───── Data segment

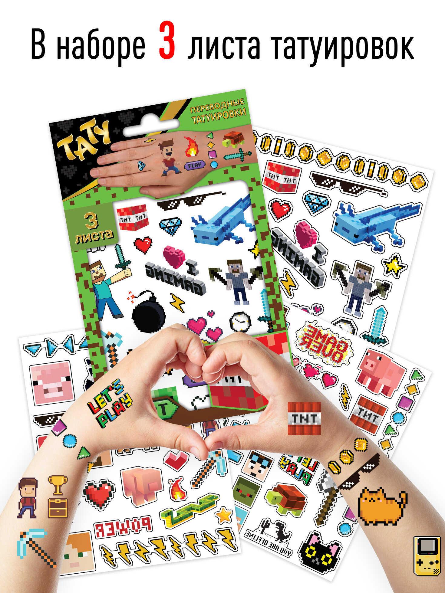 Наклейки - татуировки "Пиксели", 3 листа ND Play информация:
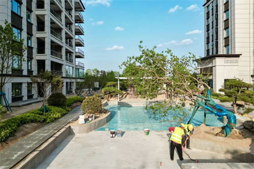 歷時2個月多月,從支模、塑形、澆筑、貼磚......我們不斷記錄著清雅苑水系建造的全過程,讓每位業主家人親眼見證家園建設的每一次新變化。
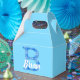 Blue plaid pattern print. Decorative favour boxes. Edit name to customize. Party decor idea.

──────────

What to work on: The answer should match the data above word for word, with no pictures in it.

Answer box:
 Наклейки - татуировки "Пиксели", 3 листа ND Play информация:
 歷時2個月多月,從支模、塑形、澆筑、貼磚......我們不斷記錄著清雅苑水系建造的全過程,讓每位業主家人親眼見證家園建設的每一次新變化。
 Blue plaid pattern print. Decorative favour boxes. Edit name to customize. Party decor idea.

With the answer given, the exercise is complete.